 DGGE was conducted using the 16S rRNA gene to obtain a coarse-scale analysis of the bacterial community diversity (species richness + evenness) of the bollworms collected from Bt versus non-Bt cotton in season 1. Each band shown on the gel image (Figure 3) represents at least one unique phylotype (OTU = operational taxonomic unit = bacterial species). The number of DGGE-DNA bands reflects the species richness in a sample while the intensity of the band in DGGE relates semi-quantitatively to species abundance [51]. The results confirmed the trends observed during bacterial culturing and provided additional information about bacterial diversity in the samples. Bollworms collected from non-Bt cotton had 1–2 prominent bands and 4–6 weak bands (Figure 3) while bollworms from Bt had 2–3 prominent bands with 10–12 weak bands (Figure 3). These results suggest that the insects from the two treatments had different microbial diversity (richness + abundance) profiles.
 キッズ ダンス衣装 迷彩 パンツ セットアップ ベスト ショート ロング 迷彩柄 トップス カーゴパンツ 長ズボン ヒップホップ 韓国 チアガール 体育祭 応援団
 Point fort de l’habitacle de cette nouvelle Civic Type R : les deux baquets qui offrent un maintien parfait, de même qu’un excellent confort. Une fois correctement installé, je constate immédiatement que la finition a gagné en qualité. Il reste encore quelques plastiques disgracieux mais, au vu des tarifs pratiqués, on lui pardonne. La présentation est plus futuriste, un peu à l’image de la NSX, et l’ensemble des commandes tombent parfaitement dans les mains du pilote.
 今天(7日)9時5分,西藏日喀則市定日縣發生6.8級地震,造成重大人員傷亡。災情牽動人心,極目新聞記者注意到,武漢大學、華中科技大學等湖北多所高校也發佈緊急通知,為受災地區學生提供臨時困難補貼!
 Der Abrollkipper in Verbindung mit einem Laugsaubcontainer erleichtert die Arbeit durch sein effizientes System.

==

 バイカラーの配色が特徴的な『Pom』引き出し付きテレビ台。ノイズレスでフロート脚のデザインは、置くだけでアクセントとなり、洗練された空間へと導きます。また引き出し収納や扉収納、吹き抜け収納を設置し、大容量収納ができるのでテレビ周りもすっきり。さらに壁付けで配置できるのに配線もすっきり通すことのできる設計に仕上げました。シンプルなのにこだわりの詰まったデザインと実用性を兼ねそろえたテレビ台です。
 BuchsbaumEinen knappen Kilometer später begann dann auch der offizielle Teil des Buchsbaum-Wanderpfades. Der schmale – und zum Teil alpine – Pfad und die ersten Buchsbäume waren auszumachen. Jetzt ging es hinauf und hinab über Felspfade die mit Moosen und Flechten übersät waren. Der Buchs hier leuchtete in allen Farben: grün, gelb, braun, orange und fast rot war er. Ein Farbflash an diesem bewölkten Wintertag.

Required action: In the lines above, find the word "image" and copy every line it occurs in.

Completed exercise:
 DGGE was conducted using the 16S rRNA gene to obtain a coarse-scale analysis of the bacterial community diversity (species richness + evenness) of the bollworms collected from Bt versus non-Bt cotton in season 1. Each band shown on the gel image (Figure 3) represents at least one unique phylotype (OTU = operational taxonomic unit = bacterial species). The number of DGGE-DNA bands reflects the species richness in a sample while the intensity of the band in DGGE relates semi-quantitatively to species abundance [51]. The results confirmed the trends observed during bacterial culturing and provided additional information about bacterial diversity in the samples. Bollworms collected from non-Bt cotton had 1–2 prominent bands and 4–6 weak bands (Figure 3) while bollworms from Bt had 2–3 prominent bands with 10–12 weak bands (Figure 3). These results suggest that the insects from the two treatments had different microbial diversity (richness + abundance) profiles.
 Point fort de l’habitacle de cette nouvelle Civic Type R : les deux baquets qui offrent un maintien parfait, de même qu’un excellent confort. Une fois correctement installé, je constate immédiatement que la finition a gagné en qualité. Il reste encore quelques plastiques disgracieux mais, au vu des tarifs pratiqués, on lui pardonne. La présentation est plus futuriste, un peu à l’image de la NSX, et l’ensemble des commandes tombent parfaitement dans les mains du pilote.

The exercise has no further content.